Description of the task | In the entries that follow, find the line containing "放肆吉他谱 - 许嵩 - G调吉他弹唱谱" and the line containing "A eso de las", then copy exactly everything from the first through the second except the pictures.

Provided records |

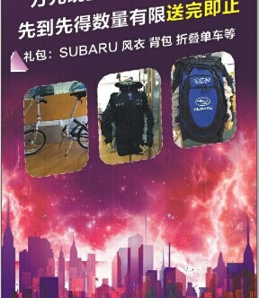 订车礼 (超万元综合钜惠+超值礼包, 折叠单车 SUBARU风衣 SUBARU背包) 等你来拿。
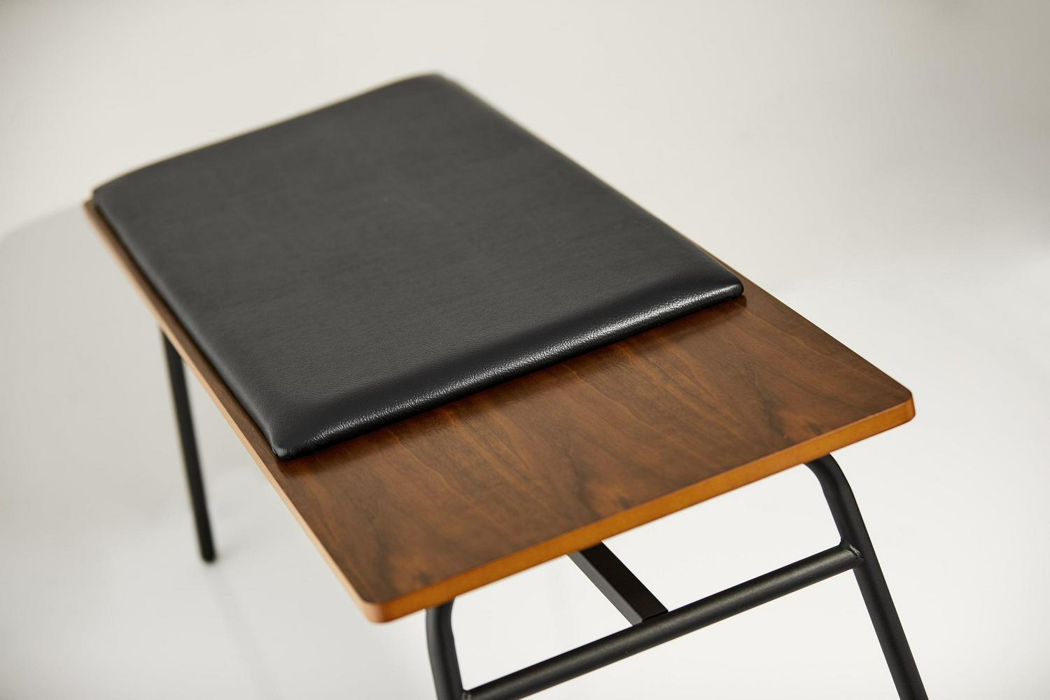 – Walnut Veneer on MDF w. a Black PVC Fabric covered foam seat
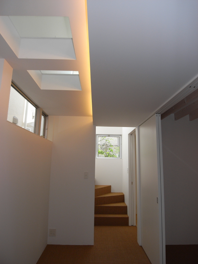 突き当たりに見えるのは、窓に切り取られた隣の植木。
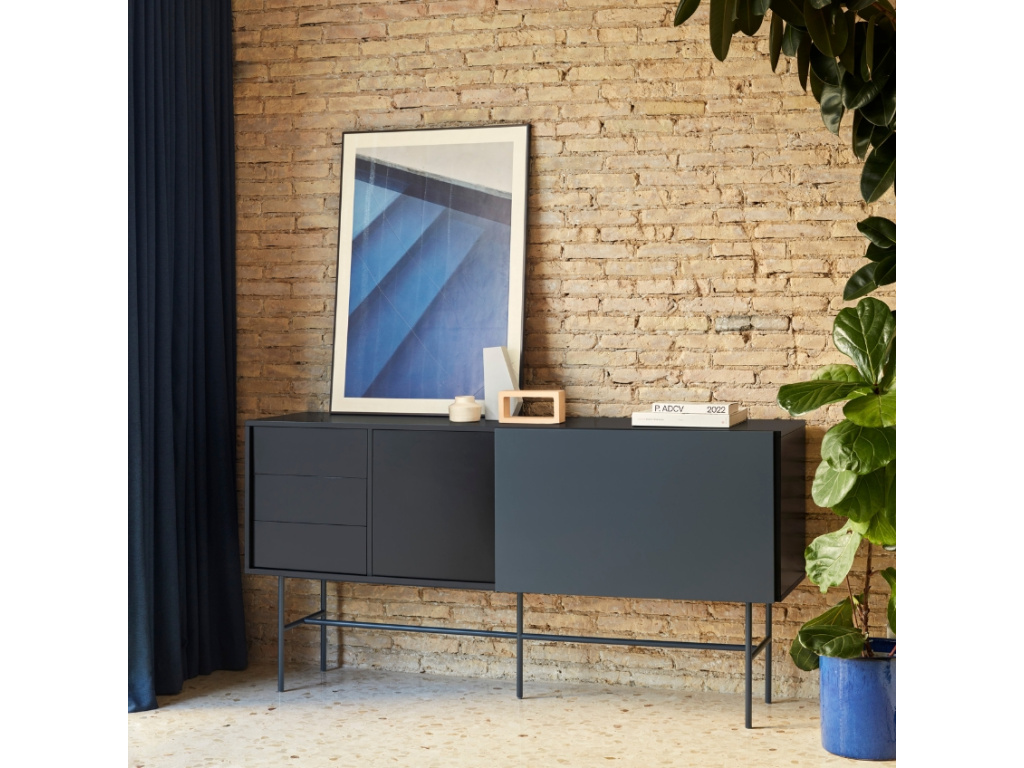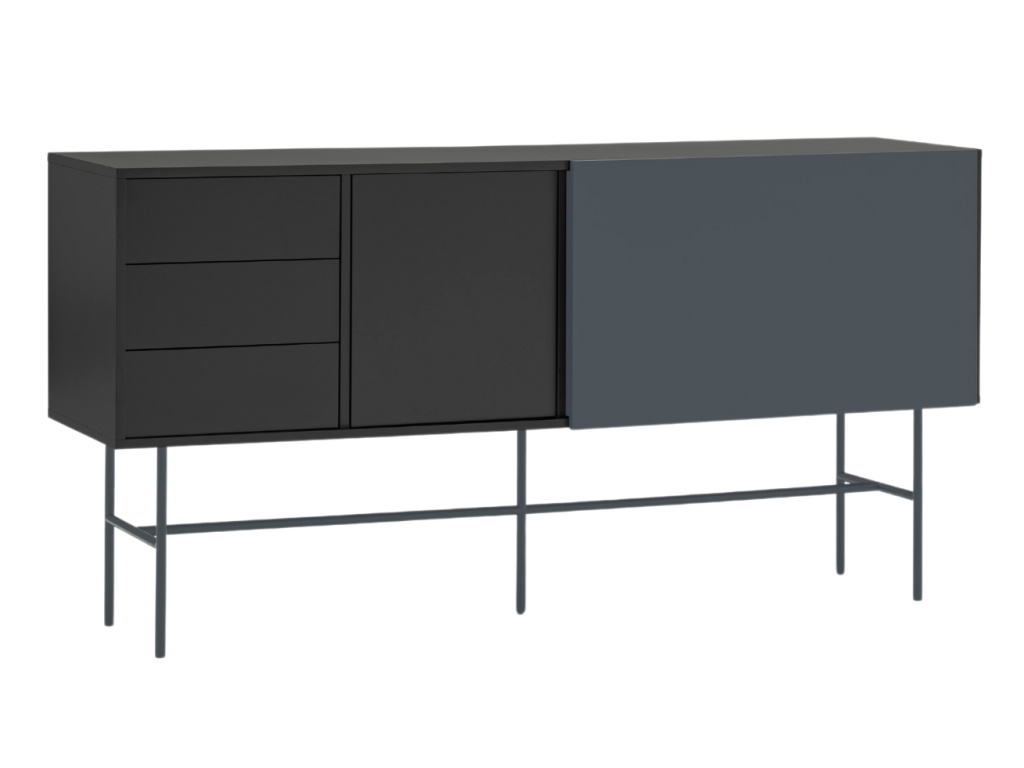 Hledáte minimalistickou komodu s bohatým úložným prostorem? Moderní komoda Nube od španělské značky Teulat vás oslní elegantním designem i praktickým uspořádáním věcí. Designová komoda v antracitově šedé a černé barvě se skládá ze 3 šuplíků, 2 polic skrytými za dvířky a 4 polic, které můžete zakrýt posuvnými dveřmi. Ať už se tak rozhodnete využít úložný prostor na cokoliv, můžete se spolehnout na diskrétní ukrytí vašich pokladů před zraky ostatních. Díky bezúchytkovému provedení vyniknou jednoduché a čisté linie komody. Praktický systém Push to open zase zajistí, že zásuvky a dvířka snadno otevřete i bez úchytek. Použité lakované MDF vás jistě potěší snadnou údržbou a vysokou odolností. Nelze opomenout ani šedou kovovou podnož, díky které budete mít věci hezky po ruce bez zbytečného ohýbání. Komodu nabízíme ve třech barevných provedeních.
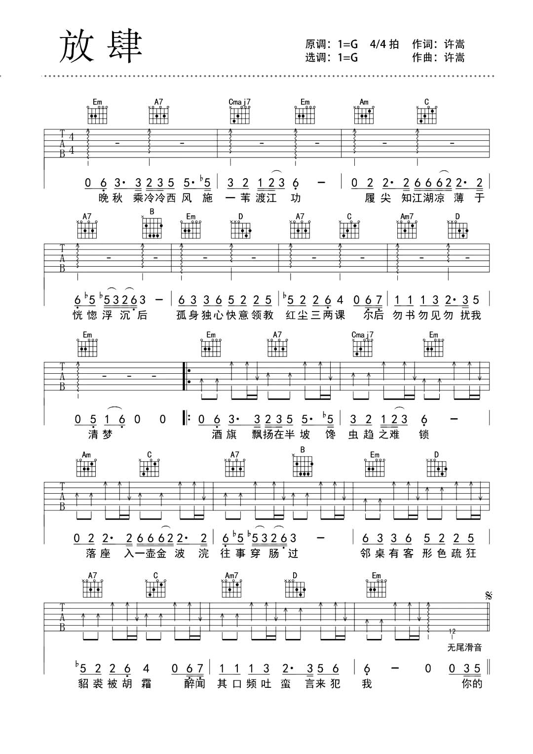 放肆吉他谱 - 许嵩 - G调吉他弹唱谱
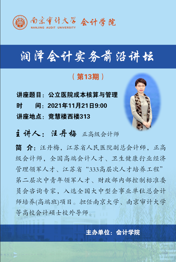 润泽会计实务前沿讲坛第13期:汪丹梅-公立医院成本核算与管理
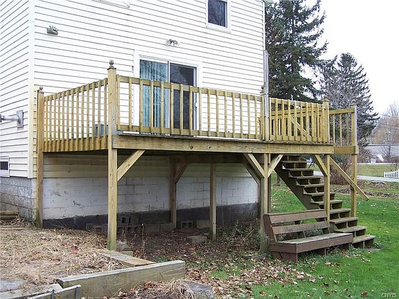 Cozy three bedroom home centrally located in the hamlet of Champion, minutes from Watertown, Carthage and Fort Drum. This home features a large living room with pellet stove, three spacious bedrooms, enclosed front porch, large back deck and a three stall garage with wood shop. The kitchen is fully applianced with plenty of counter space to make your family meal. Beautiful woodwork throughout. The large first floor bathroom features a large jetted garden tub for relaxing after a long day. A storage building and barn is available for added storage. Beautiful large yard with a stream flowing down the property line.
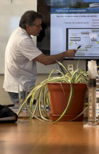 A eso de las diez de la mañana, el Dr. Campos revisitó teóricamente las fuentes, tipos y concentraciones de contaminantes en el agua, con un énfasis en los desafíos que acarrea la explotación agroganadera, así como los componentes de un sistema de tratamiento de aguas a través de lodos activos.
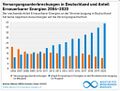 Laut Fraunhofer-Institut für Solare Energiesysteme ISE liegen die Gestehungskosten für Solare Energiesysteme (ISE) bei Photovoltaikanlagen zwischen 3,12 und 11,01 Cent/kWh, bei Windenergie an Land zwischen 3,94 und 8,29 Cent/kWh. Offshore-Windenergie (auf See) kostet zwischen ungefähr 9 bis 12 ct/kWh (Quelle: Fraunhofer Studie 2021). Die Stromgestehungskosten von Solar- und Windenergie-Anlagen liegen heute (2025) unter denen von konventionellen Kraftwerken. Strom aus Atomkraftwerken kostete ca. 13 Cent pro KWh, ohne Berücksichtigung der "Ewigkeitskosten" durch Endlagerung von Atommüll und Kosten des Atomausstiegs (Abrisse). Würde man diese Ewigkeitskosten mit einbeziehen, lägen die „wahren Kosten“ der Kernenergie vermutlich bei knapp 42 ct/KWh (Angabe BUND).
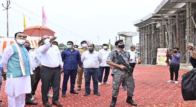 उप मुख्यमंत्री श्री केशव प्रसाद मौर्य ने आज प्रयाग स्टेशन के निकट बक्शी बांध में इलाहाबाद फाफामऊ रेलखण्ड के सम्पार संख्या 78ए पर 2 लेन रेल उपरिगामी सेतु के निर्माण कार्य का जायजा लिया। उन्होंने कार्यों की गुणवत्ता एवं समयावधि पर विशेष ध्यान देने को कहा है। उन्होंने सम्बंधित अधिकारियों को कार्यों को समय से पूर्ण कराने के निर्देश दिये। ब्रिज कार्पोरेशन के अभियंता ने मा0 उपमुख्यमंत्री जी को बताया कि सेतु निर्माण का कार्य तय समय से अधिक गति के साथ चल रहा है, कार्य को समय से पूर्ण कर लिया जायेगा। इस सेतु का निर्माण कार्य माह नवम्बर 2020 को शुरू हुआ था और नवम्बर, 2021 तक कार्य को पूर्ण कर लिया जायेगा।
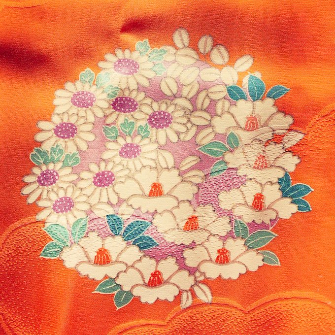 昭和40年ごろ母の七五三のお着物。ポップでハートのような孔雀の羽根、牛車や梅、写ってないところでは扇や竹などめでたいものを詰めとけみたいな絵付けとっても面白い。色遣いが非常に魅力的な子供のお着物👘
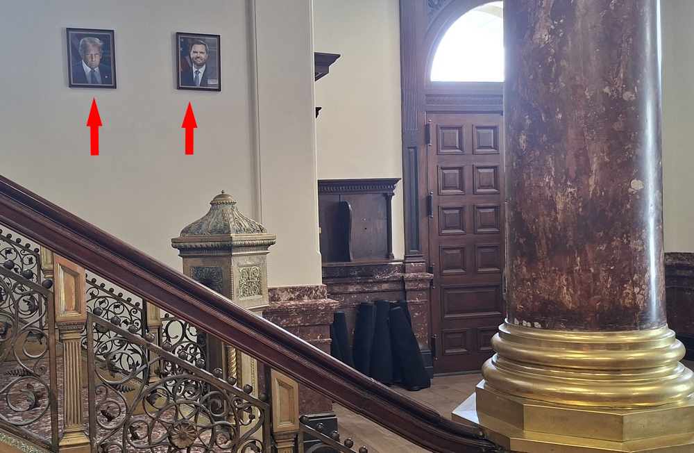 Der Dienststellenleiter dieses Postamts scheint kein Freund des Präsidenten und Vizepräsidenten zu sein, denn die Portraits dieser beiden "ungewöhnlichen" Republikaner hingen nicht an exponierter Stelle im Schalterraum, ...

Your response |
 放肆吉他谱 - 许嵩 - G调吉他弹唱谱
 润泽会计实务前沿讲坛第13期:汪丹梅-公立医院成本核算与管理
 Cozy three bedroom home centrally located in the hamlet of Champion, minutes from Watertown, Carthage and Fort Drum. This home features a large living room with pellet stove, three spacious bedrooms, enclosed front porch, large back deck and a three stall garage with wood shop. The kitchen is fully applianced with plenty of counter space to make your family meal. Beautiful woodwork throughout. The large first floor bathroom features a large jetted garden tub for relaxing after a long day. A storage building and barn is available for added storage. Beautiful large yard with a stream flowing down the property line.
 A eso de las diez de la mañana, el Dr. Campos revisitó teóricamente las fuentes, tipos y concentraciones de contaminantes en el agua, con un énfasis en los desafíos que acarrea la explotación agroganadera, así como los componentes de un sistema de tratamiento de aguas a través de lodos activos.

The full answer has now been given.